Mailing-List: contact user-help@cassandra.apache.org; run by ezmlm
Precedence: bulk
Reply-To: user@cassandra.apache.org
Received-SPF: pass (nike.apache.org: domain of scode@scode.org designates
 74.125.82.44 as permitted sender)
MIME-Version: 1.0
Sender: scode@scode.org
In-Reply-To: <4EAA76DF.5030405@sitevision.se>
References: <4EAA76DF.5030405@sitevision.se>
Date: Fri, 28 Oct 2011 11:45:54 +0200
Message-ID: 
 <CAO5xsd0esonvFzCbTstykCw9DK6RB4KK07Q=5-VO+mTEn7jn5A@mail.gmail.com>
Subject: Re: CL - locally consistent ONE
From: Peter Schuller <peter.schuller@infidyne.com>
To: user@cassandra.apache.org
Content-Type: text/plain; charset=UTF-8

> I've patched the classes WriteResponseHandler and ReadCallback to make sure
> that the local node has returned before sending the condition signal. Can
> anyone see any drawbacks with this approach? I realize this will only work
> as long as the replication factor is the same as the number of nodes, but
> that is ok for our scenario.

So the "local" node is the co-ordinator. Is it the case that each CMS
instance (with embedded cassandra) is always using "itself" as the
co-ordinator, and that the requirement you have is that *that
particular CMS instance* must see it's *own* writes? And the reason
you are using RF=number of nodes is that you're wanting to make sure
data is always on the local node?

If that is true, it *seems* to me it should work *kind of* as long as
the CMS instances never ever use another Cassandra node *and* as long
as you accept that a write may disappear in case of a sudden node
failure (as usual with CL.ONE). I do think it feels like a fragile
approach though, that would be nice to avoid if possible/realistic.

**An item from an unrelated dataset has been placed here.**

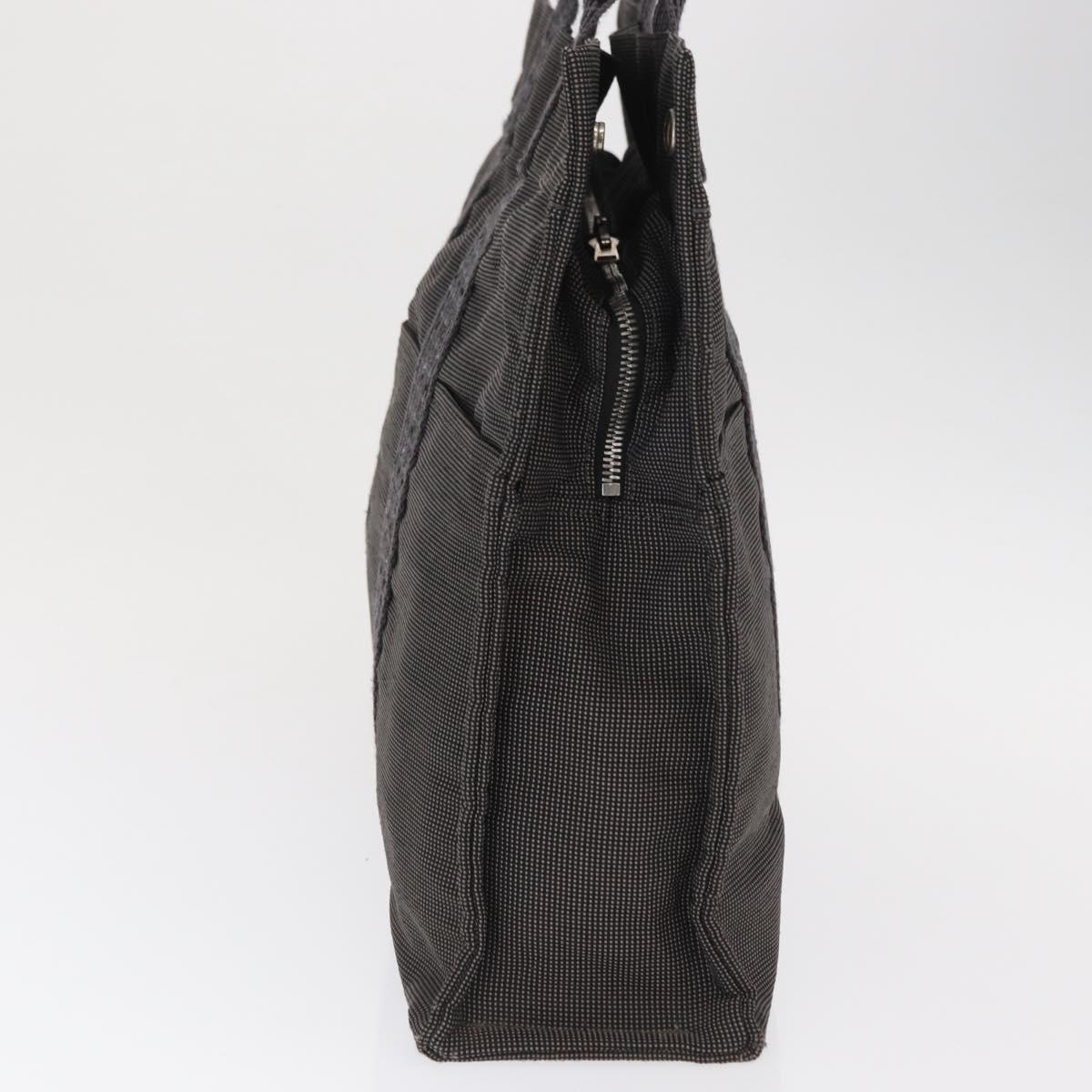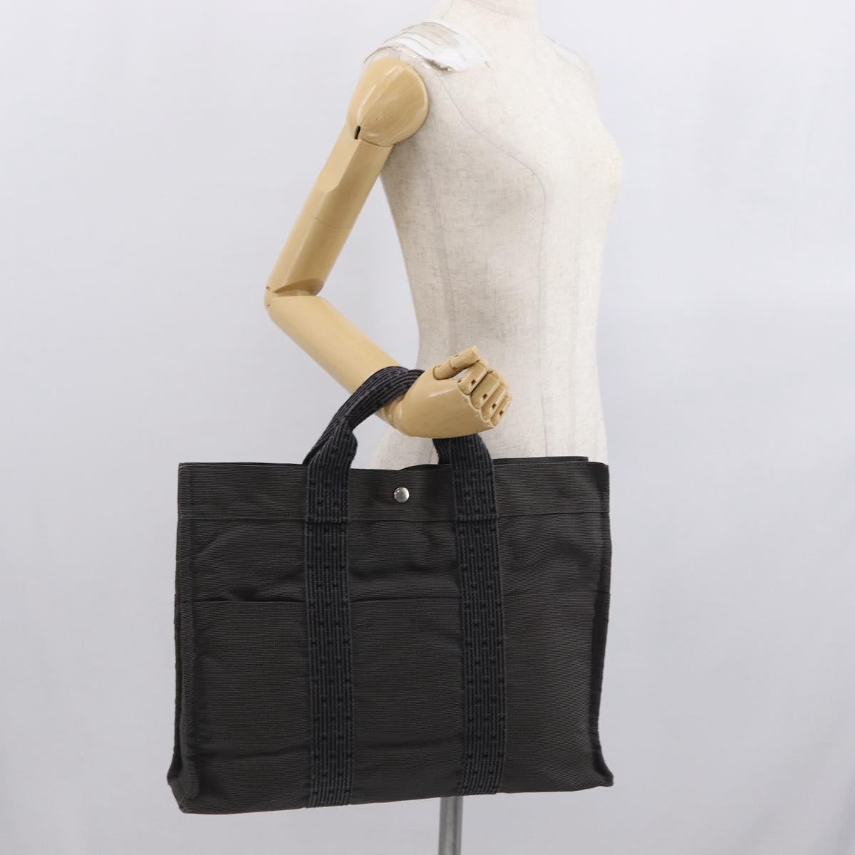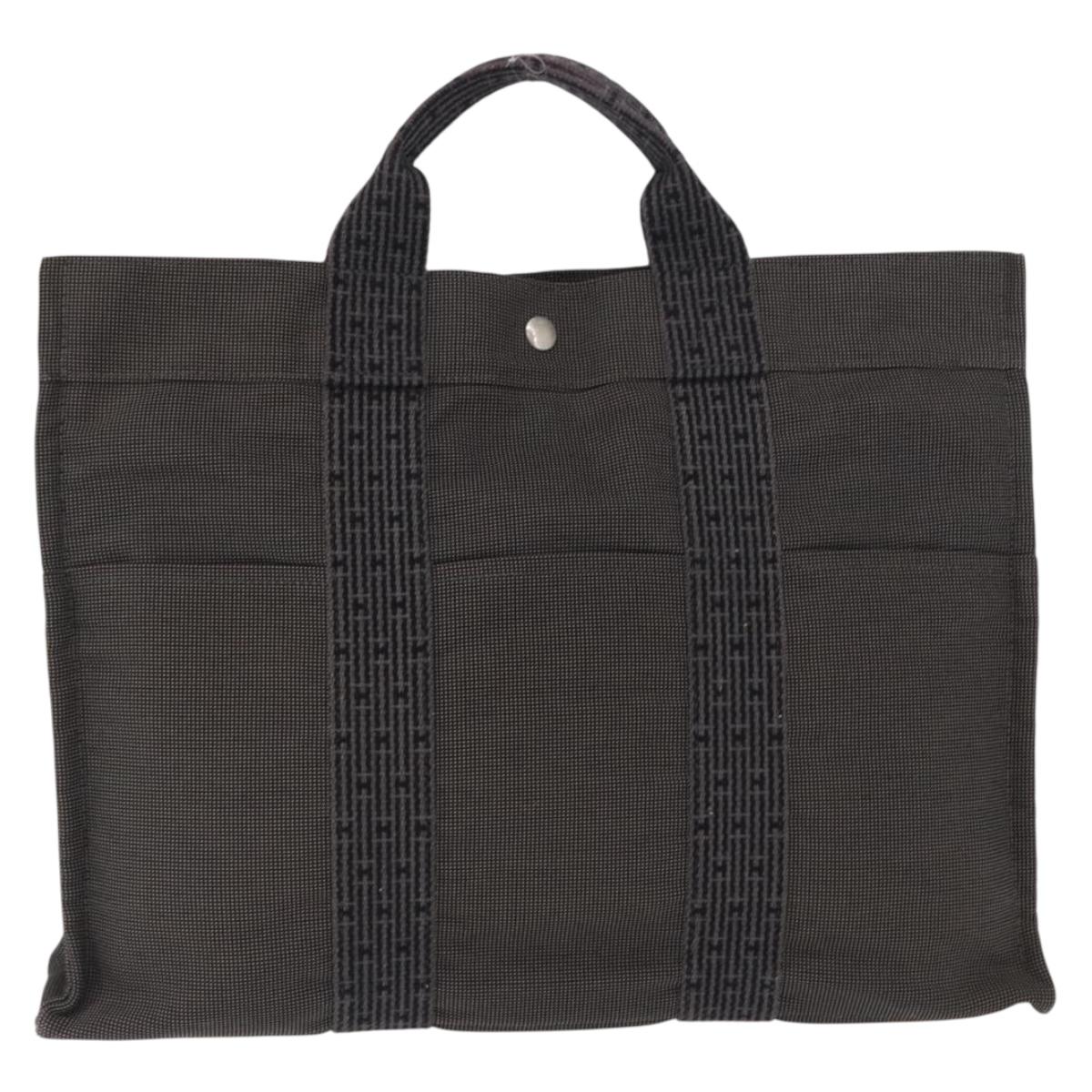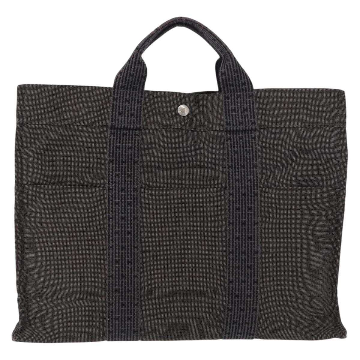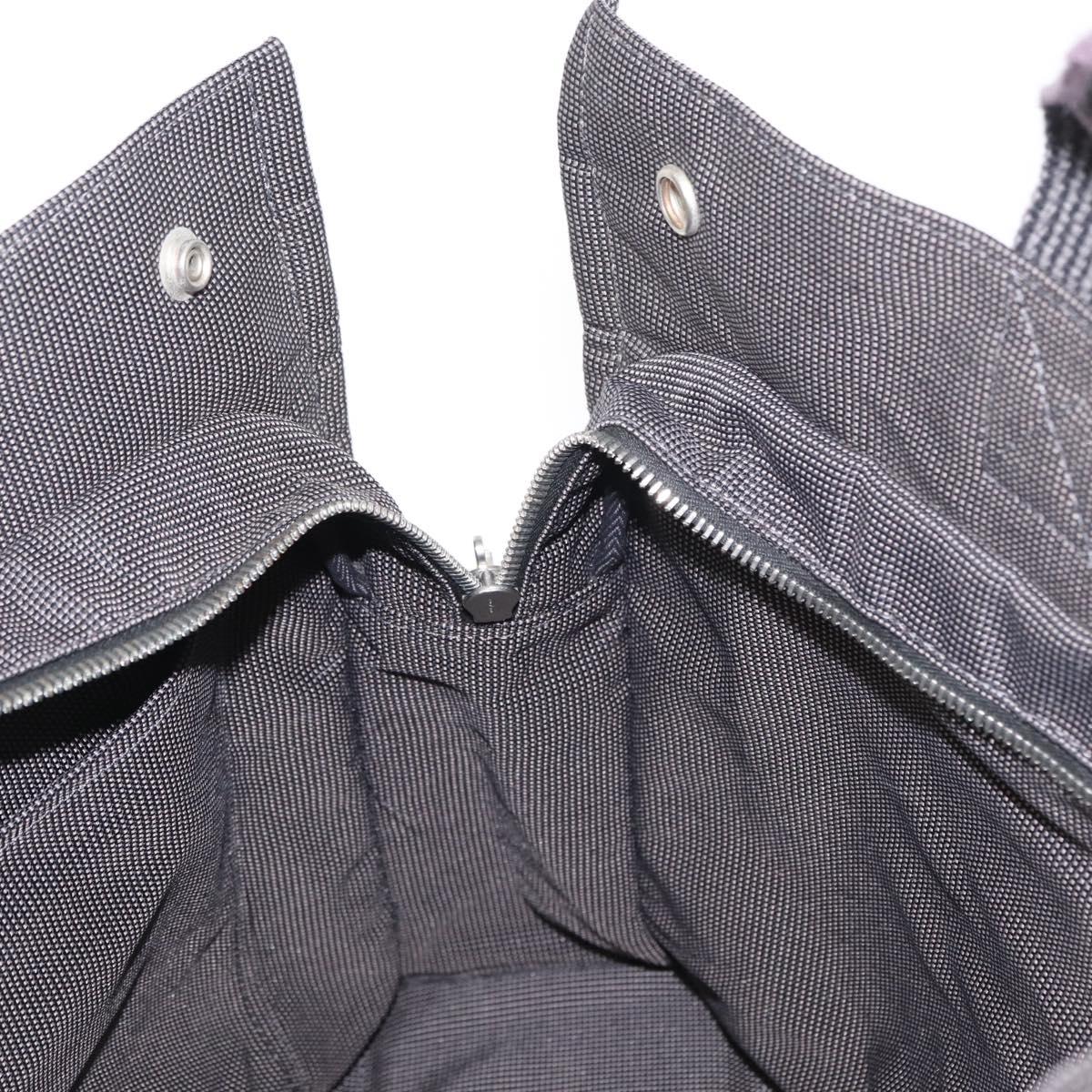 HERMES Her Line MM Hand Bag Canvas Gray Silver Auth 168679

I am curious as to performance though. It seems a lot safer to just
use QUORUM *at least* for writes; keep in mind that regardless of
CL.ONE your writes till go to all the other replicas (in this case all
nodes since you say you have RF = cluster size) so in terms of
throughput using CL.ONE should not be faster. It should be a bit
better for latency in the common case though (which might translate to
throughput for a sequential user). If you can do writes on QUORUM at
least, even if not reads, you also avoid the problem of an
acknowledged write disappearing in case of node failures.

Are you in a position where the nodes in the cluster are wide apart
(e.g. different DC:s), for the writes to be a significant problem for
latency?

-- 
/ Peter Schuller (@scode, http://worldmodscode.wordpress.com)